**What you need to do:**
Would you restate each entry word for word, omitting the pictures?

★ ★ ★

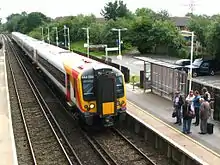 South Western Railway operates one train per hour between Weymouth and London Waterloo. Northbound, this service calls at most stops to Winchester, then Basingstoke, Clapham Junction and London Waterloo.[6]
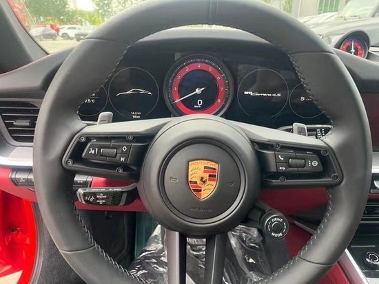 内饰方面,全新911gt3在911carrera的基础上,增加了大量的碳纤维和alcantara内饰,并在不同强度下,制作了包括各种补足材料和补充层。在新车的仪表板下方,还提供了一个巨大的储物空间。车内的各个按钮采用金属铣削铝制和复合材料制成,每个按钮的表面均有750个可选的缝线,为了确保每个旋转的按钮都保持如新的状态,保时捷的工程师还在方向盘后部配备了一个小的按钮。
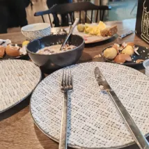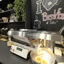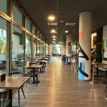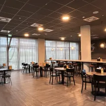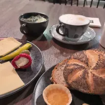 Giving a thumbs up ref to the breakfast - kinds of rolls /bread,cheese ,salad,sausage ,museli,tea,coffee ,yogurt ,whatever you would like to have ,really more than plenty ,and also always seats available ,as the capacity is really big enough ,never will forget this breakfast !
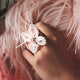 This stunning ring is completely handmade.  It is in the shape of a butterfly which is hand threaded with dozens of gorgeous pale pink cut crystal beads of different sizes.  The ring itself is silver plated and completely adjustable to fit any finger size.  This style makes a statement and makes a must-have girl's gift for all ages.
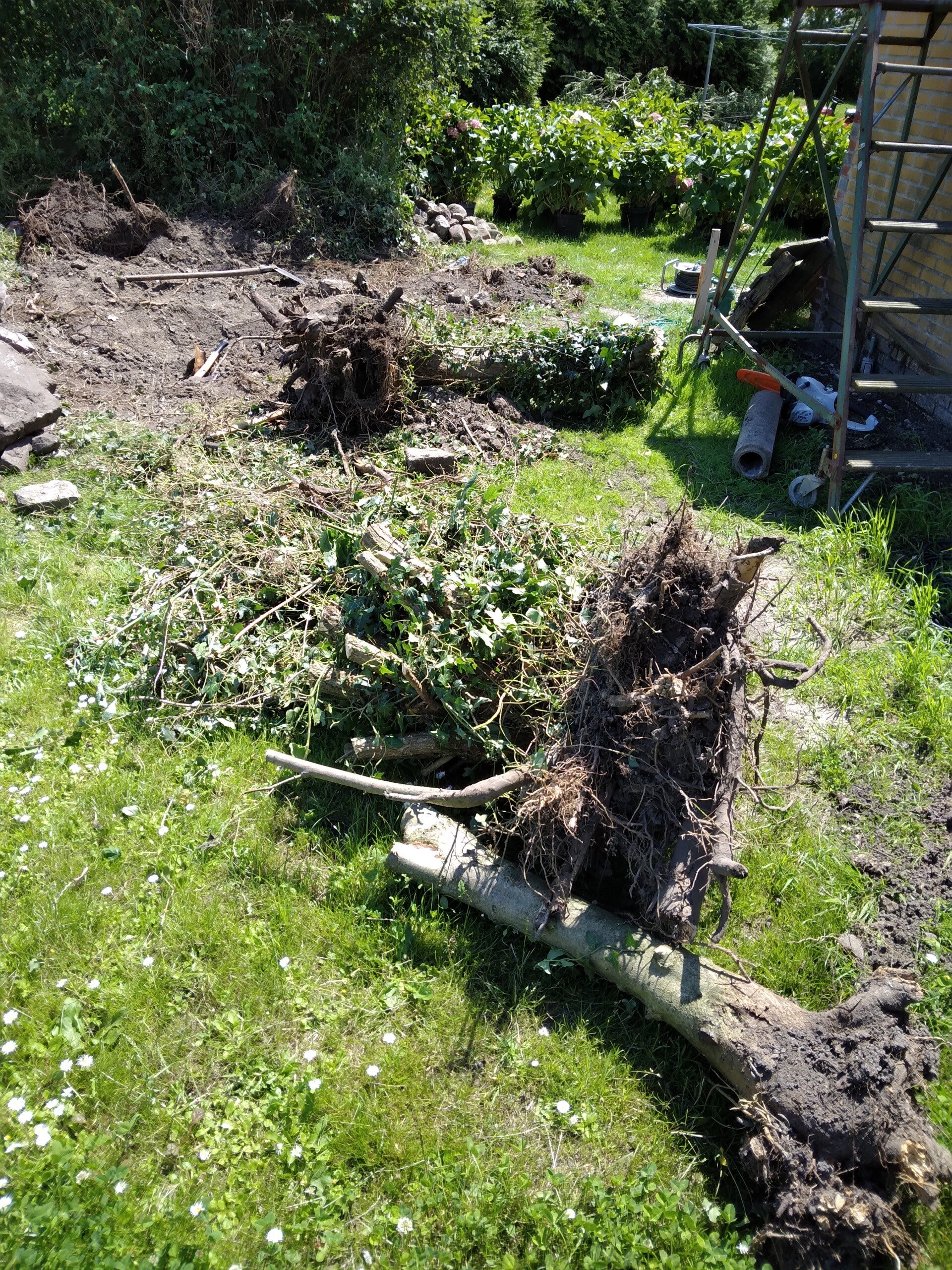 Dus dat werd woensdagochtend eerst kettingzaag slijpen en snoeien. Vervolgens rondom de bomen graven met een schep, wortels met een bijl doorhakken en de boomstronken verwijderen. Echter bij de eerste schep in de grond stuitte ik meteen op beton. Zo ook de 2e, 3e enz. Wat bleek nu, precies op de plek van de bomen lag nog een oude betonnen vloer/oprit. Dus in plaats van met de schep werken heb ik alles met hamer/beitel en breekijzer moeten verwijderen om zo ruimte bij de wortels te krijgen. Maar ook nu geld weer, de aanhouder wint. Na 5 uren was het beton verwijderd en had ik de bomen gerooid. Nu kon ik eindelijk beginnen met het uitzetten van waar de hortensia's geplaats konden worden.

★ ★ ★

**Answer section:**
 South Western Railway operates one train per hour between Weymouth and London Waterloo. Northbound, this service calls at most stops to Winchester, then Basingstoke, Clapham Junction and London Waterloo.[6]
 内饰方面,全新911gt3在911carrera的基础上,增加了大量的碳纤维和alcantara内饰,并在不同强度下,制作了包括各种补足材料和补充层。在新车的仪表板下方,还提供了一个巨大的储物空间。车内的各个按钮采用金属铣削铝制和复合材料制成,每个按钮的表面均有750个可选的缝线,为了确保每个旋转的按钮都保持如新的状态,保时捷的工程师还在方向盘后部配备了一个小的按钮。
 Giving a thumbs up ref to the breakfast - kinds of rolls /bread,cheese ,salad,sausage ,museli,tea,coffee ,yogurt ,whatever you would like to have ,really more than plenty ,and also always seats available ,as the capacity is really big enough ,never will forget this breakfast !
 This stunning ring is completely handmade.  It is in the shape of a butterfly which is hand threaded with dozens of gorgeous pale pink cut crystal beads of different sizes.  The ring itself is silver plated and completely adjustable to fit any finger size.  This style makes a statement and makes a must-have girl's gift for all ages.
 Dus dat werd woensdagochtend eerst kettingzaag slijpen en snoeien. Vervolgens rondom de bomen graven met een schep, wortels met een bijl doorhakken en de boomstronken verwijderen. Echter bij de eerste schep in de grond stuitte ik meteen op beton. Zo ook de 2e, 3e enz. Wat bleek nu, precies op de plek van de bomen lag nog een oude betonnen vloer/oprit. Dus in plaats van met de schep werken heb ik alles met hamer/beitel en breekijzer moeten verwijderen om zo ruimte bij de wortels te krijgen. Maar ook nu geld weer, de aanhouder wint. Na 5 uren was het beton verwijderd en had ik de bomen gerooid. Nu kon ik eindelijk beginnen met het uitzetten van waar de hortensia's geplaats konden worden.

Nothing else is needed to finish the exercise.